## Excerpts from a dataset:
********

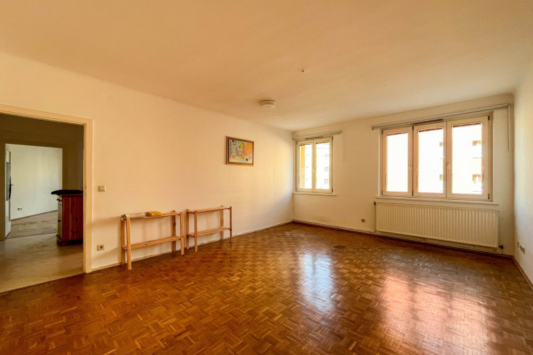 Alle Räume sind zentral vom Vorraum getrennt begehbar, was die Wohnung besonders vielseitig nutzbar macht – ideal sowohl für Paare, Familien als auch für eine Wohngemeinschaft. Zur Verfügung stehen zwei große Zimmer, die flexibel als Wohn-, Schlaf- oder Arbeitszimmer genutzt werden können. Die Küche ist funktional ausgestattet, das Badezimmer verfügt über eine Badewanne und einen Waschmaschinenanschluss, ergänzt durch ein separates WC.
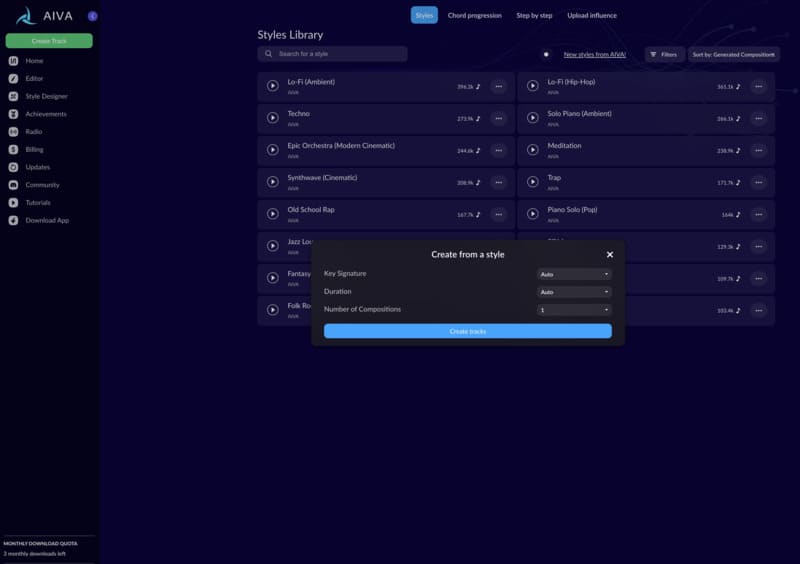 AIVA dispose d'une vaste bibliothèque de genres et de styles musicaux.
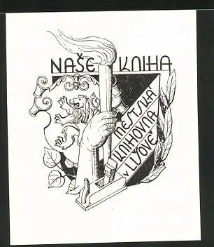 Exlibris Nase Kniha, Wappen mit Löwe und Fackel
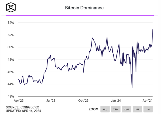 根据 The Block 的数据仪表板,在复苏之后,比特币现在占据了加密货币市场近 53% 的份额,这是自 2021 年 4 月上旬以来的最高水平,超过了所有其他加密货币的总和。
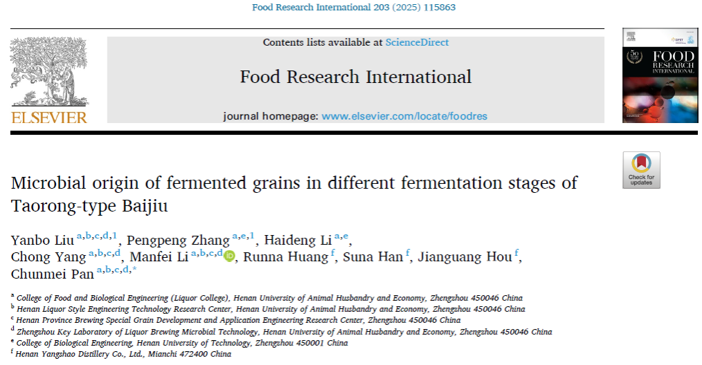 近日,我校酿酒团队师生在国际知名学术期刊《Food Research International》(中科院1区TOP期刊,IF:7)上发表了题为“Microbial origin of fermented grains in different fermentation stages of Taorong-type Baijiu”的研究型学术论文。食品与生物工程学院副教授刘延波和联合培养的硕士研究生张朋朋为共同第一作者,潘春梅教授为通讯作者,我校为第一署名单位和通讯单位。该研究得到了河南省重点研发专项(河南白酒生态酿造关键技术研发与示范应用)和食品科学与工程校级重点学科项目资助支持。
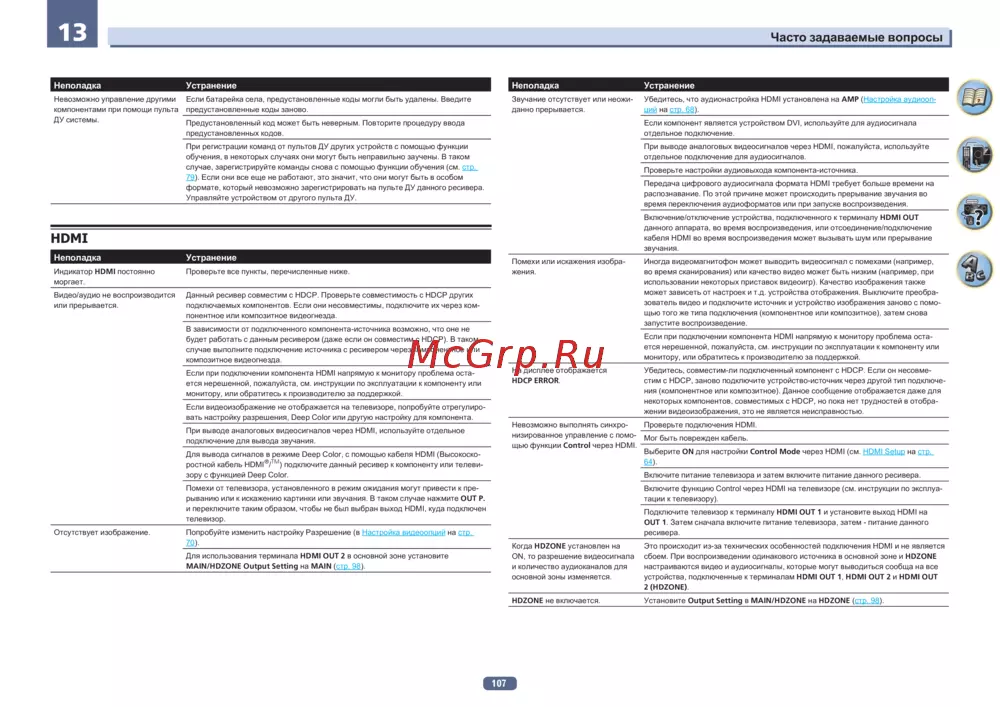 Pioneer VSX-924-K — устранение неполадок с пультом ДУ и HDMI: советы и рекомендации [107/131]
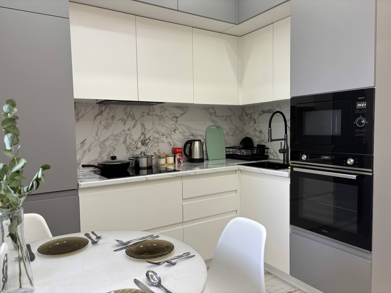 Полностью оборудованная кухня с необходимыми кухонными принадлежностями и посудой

********

## TASK GOAL:
Leave the pictures aside and transcribe only the lines from the one holding "Pioneer VSX-924-K —" through the final line of the records above.

## FINAL ANSWER:
 Pioneer VSX-924-K — устранение неполадок с пультом ДУ и HDMI: советы и рекомендации [107/131]
 Полностью оборудованная кухня с необходимыми кухонными принадлежностями и посудой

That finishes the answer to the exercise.